**Task item:**
Without any images, write the listing below out word for word.

**Data segment:**

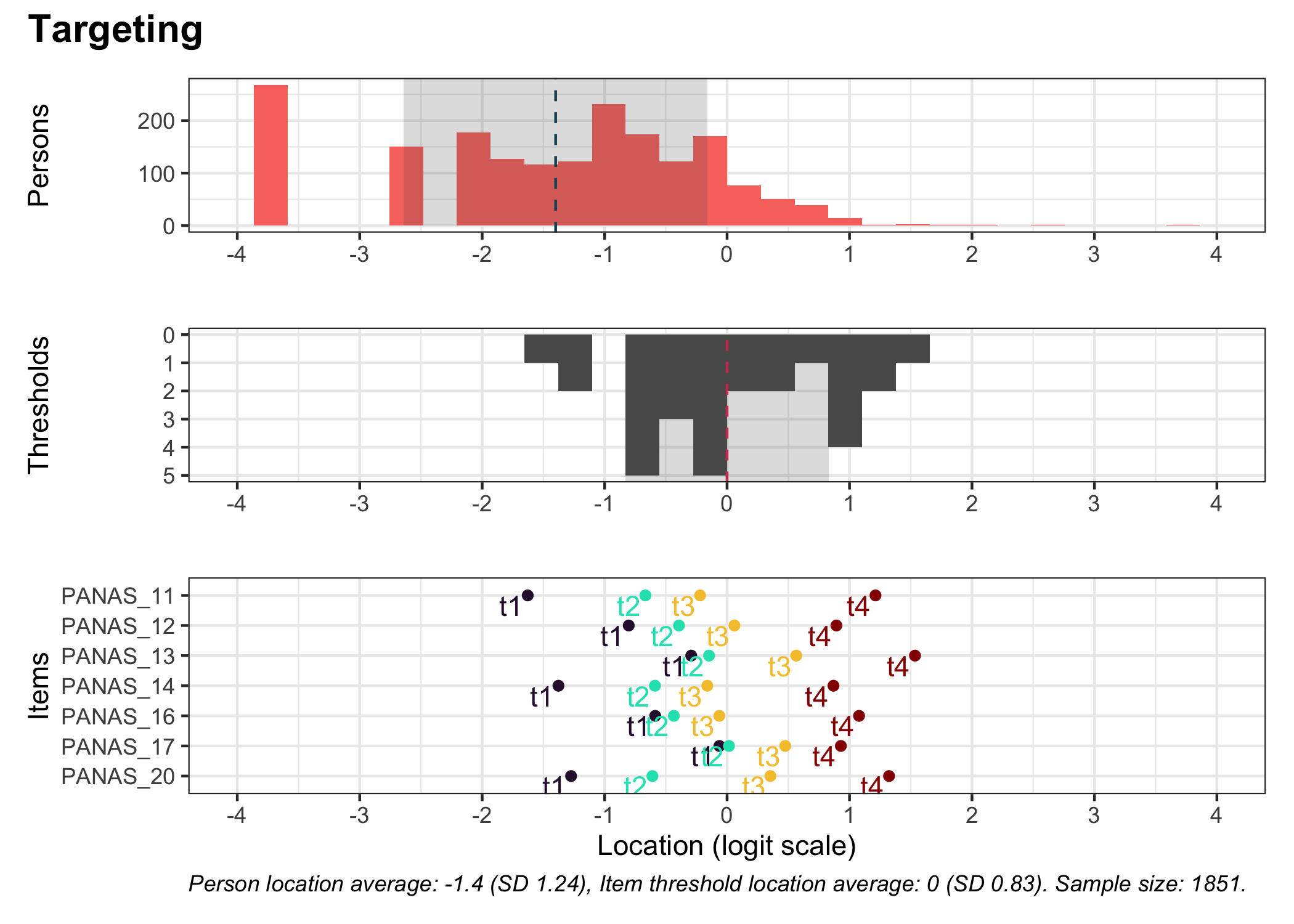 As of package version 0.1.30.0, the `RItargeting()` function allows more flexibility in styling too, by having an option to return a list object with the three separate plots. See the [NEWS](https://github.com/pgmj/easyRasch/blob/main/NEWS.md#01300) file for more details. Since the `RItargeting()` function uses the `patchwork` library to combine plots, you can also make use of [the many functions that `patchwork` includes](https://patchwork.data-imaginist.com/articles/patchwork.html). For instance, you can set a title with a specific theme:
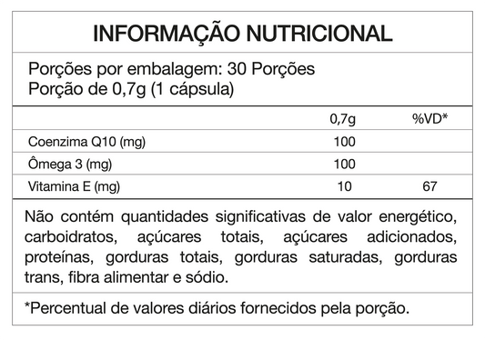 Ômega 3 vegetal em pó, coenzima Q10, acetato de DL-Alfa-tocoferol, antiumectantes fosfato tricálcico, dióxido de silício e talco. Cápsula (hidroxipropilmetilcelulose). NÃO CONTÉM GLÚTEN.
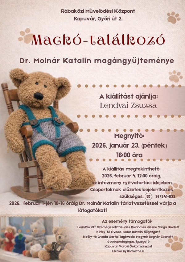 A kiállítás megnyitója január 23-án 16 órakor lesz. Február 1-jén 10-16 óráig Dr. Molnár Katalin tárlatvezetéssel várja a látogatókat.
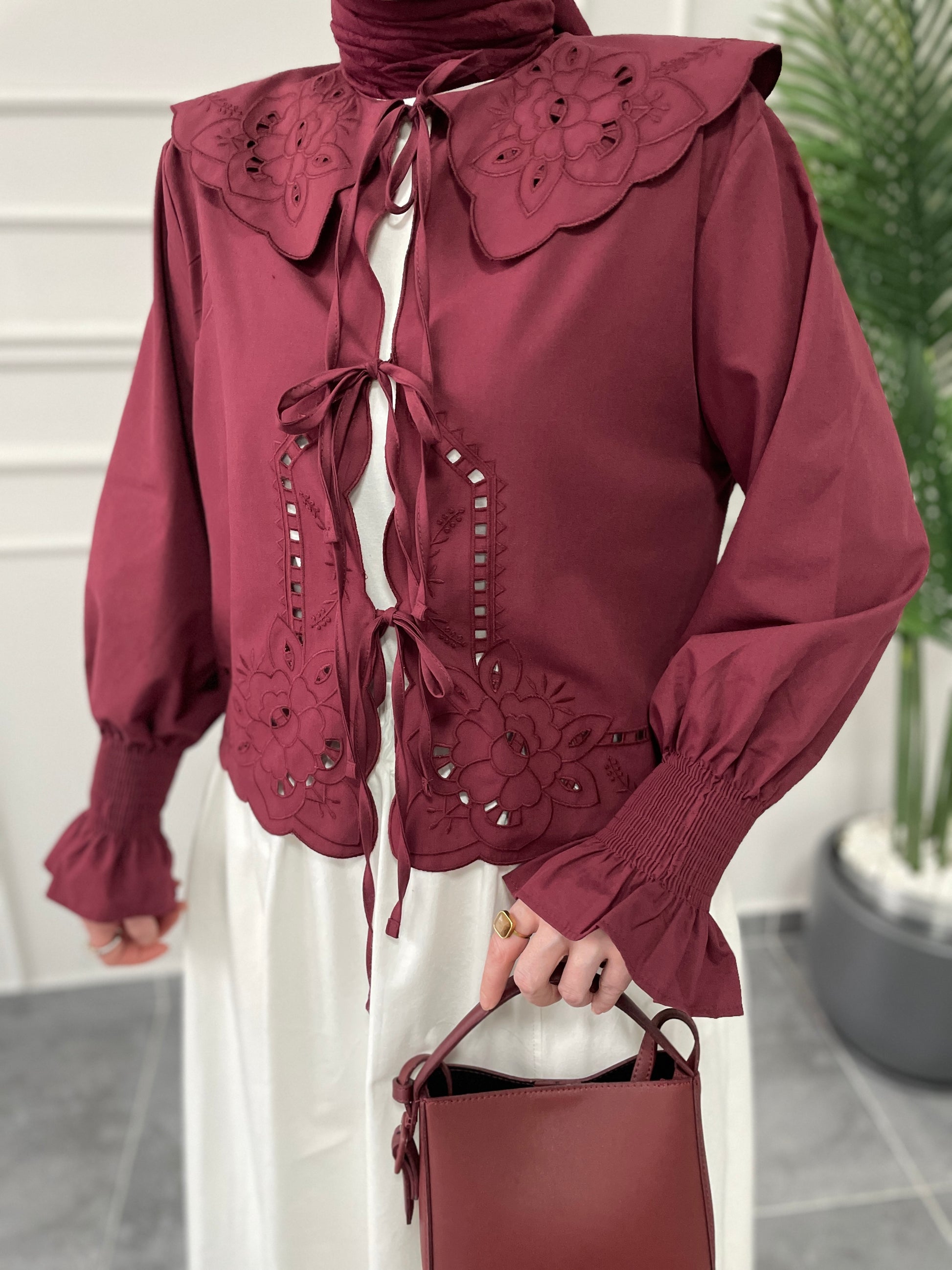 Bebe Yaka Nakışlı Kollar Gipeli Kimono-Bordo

**Written response:**
 As of package version 0.1.30.0, the `RItargeting()` function allows more flexibility in styling too, by having an option to return a list object with the three separate plots. See the [NEWS](https://github.com/pgmj/easyRasch/blob/main/NEWS.md#01300) file for more details. Since the `RItargeting()` function uses the `patchwork` library to combine plots, you can also make use of [the many functions that `patchwork` includes](https://patchwork.data-imaginist.com/articles/patchwork.html). For instance, you can set a title with a specific theme:
 Ômega 3 vegetal em pó, coenzima Q10, acetato de DL-Alfa-tocoferol, antiumectantes fosfato tricálcico, dióxido de silício e talco. Cápsula (hidroxipropilmetilcelulose). NÃO CONTÉM GLÚTEN.
 A kiállítás megnyitója január 23-án 16 órakor lesz. Február 1-jén 10-16 óráig Dr. Molnár Katalin tárlatvezetéssel várja a látogatókat.
 Bebe Yaka Nakışlı Kollar Gipeli Kimono-Bordo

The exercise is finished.